There’s at least one industry participant who thinks Anatara’s ambitions are more than pie in the sty: the Lederer family, the founder of Primo Smallgoods, recently joined the register with a 5 per cent stake.

PharmAust (PAA) 6.4c

There are plenty of cases of human drugs being repurposed for veterinary use, but not so much the other way around. That makes PharmAust different to other early stage drug developers as it targets cancer treatments for both people and their four-legged friends.

At the heart of PharmAust is a drug called Monepantel (MPL), which has been used for eons as an anti-parasitic sheep drench.

Marketed by Eli Lilly’s animal health arm Elanco as Zolvix, the compound is nearing the end of its patent life and is being used less because of increased resistance.

Serendipitously, local clinical oncologist and part-time sheep farmer Professor David Morris fiddled with the drug in the lab and stumped on its anti-cancer properties.

Enter PharmAust, which carried out an early (phase one) trial on dogs afflicted with lymphoma, the most common canine cancer.

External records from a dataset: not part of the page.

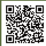
昨年度の体験記事

鹿の骨を使ってかんざしを作ります。形を整え、磨き上げた後に天然素材で染色します。
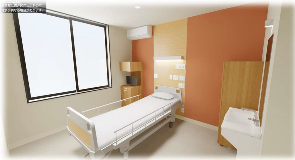
⑨ 4階 個室
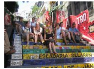
Mahlzeiten inklusive: Frühstück, Mittagessen, Abendessen

Die heutigen Mahlzeiten beziehen sich auf die Mahlzeiten während des Fluges.
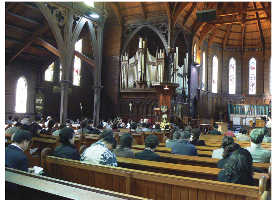
Church of the Holy Sepulchre 시절
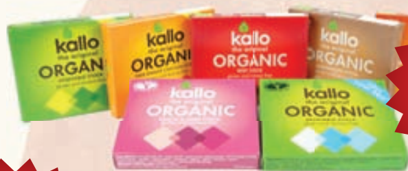
Kallo kraftur í sósur og súpur – lífrænn kraftur
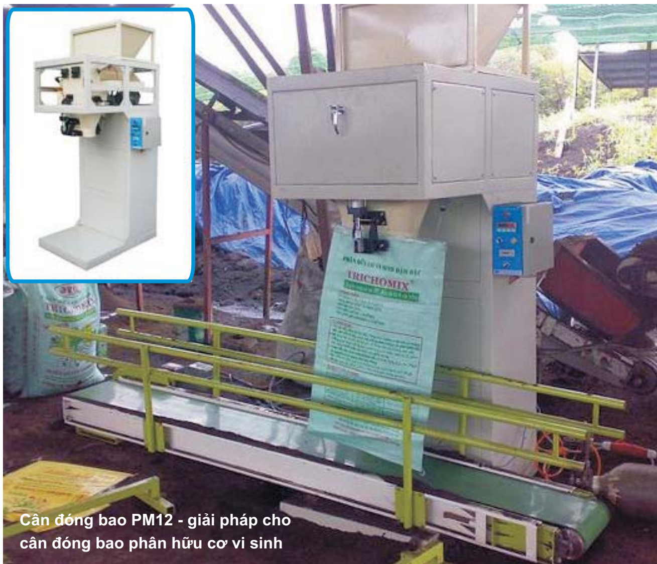
Cân đóng bao PM12 - giải pháp cho cân đóng bao phân hữu cơ vi sinh
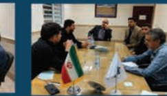
برگزاری منظم جلسات شورا برای بررسی طرح ها و مسائل مربوط به حوزه شهری راین

Of the four dogs treated, three recorded tumour regression of between 2 per cent and 19 per cent (an average shrinkage of 11 per cent).

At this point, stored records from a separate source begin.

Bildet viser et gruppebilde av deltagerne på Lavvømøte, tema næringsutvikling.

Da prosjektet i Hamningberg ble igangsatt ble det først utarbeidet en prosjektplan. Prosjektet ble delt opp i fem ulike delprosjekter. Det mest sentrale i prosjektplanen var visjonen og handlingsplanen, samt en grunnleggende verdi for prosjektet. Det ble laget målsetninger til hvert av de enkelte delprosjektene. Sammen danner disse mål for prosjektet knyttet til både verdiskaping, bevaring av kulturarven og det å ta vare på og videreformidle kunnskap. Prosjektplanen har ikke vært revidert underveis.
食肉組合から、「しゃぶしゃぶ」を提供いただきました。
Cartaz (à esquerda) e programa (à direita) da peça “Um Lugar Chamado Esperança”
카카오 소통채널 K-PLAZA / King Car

Unlike mice, the standard lab guinea pigs, dogs are closer related to human physiology.

A subsequent human study of at the Royal Adelaide Hospital established a reduction in cancer markers. Of the eight patients who started, two discontinued because of the foul taste and two pulled out for other reasons.

We stress it’s very early days.

In seeking to repurpose and reformulate Monepantel, PharmAust hopes to overcome a key detriment. In the words of CEO Richard Hopkins: “It tastes like floor polish.”

It’s been OK to deliver it down the throat of sheep via tubes, but for dogs and humans the vile taste has created compliance problems.

Under its deal with Eli Lilly’s animal health arm Elanco, Elanco has the right to negotiate to buy the animal rights after the trail data has clearly showed data regression.

As with Anatara and its deal, a wad of cash awaits if a deal is struck and these funds would be used for human health studies.

PharmAust is now canvassing vet consultancies willing to participate in further trials using the reformulated version.

PharmAust has a $2.6 milion cash balance which sounds light on, but its contract synthetic drug-manufacturing arm Epichem delivered just over $3 million of revenues in the 2016-17 year.

Naturally, the potential human market is bigger than the canine market. But the animal health side could be a howling success given the willingness of owners in affluent markets to keep their mutts alive.

PharmAust boasts Roger Aston, former chair of Mayne Pharma and past and present director of numerous other biotechs, as its executive chairman.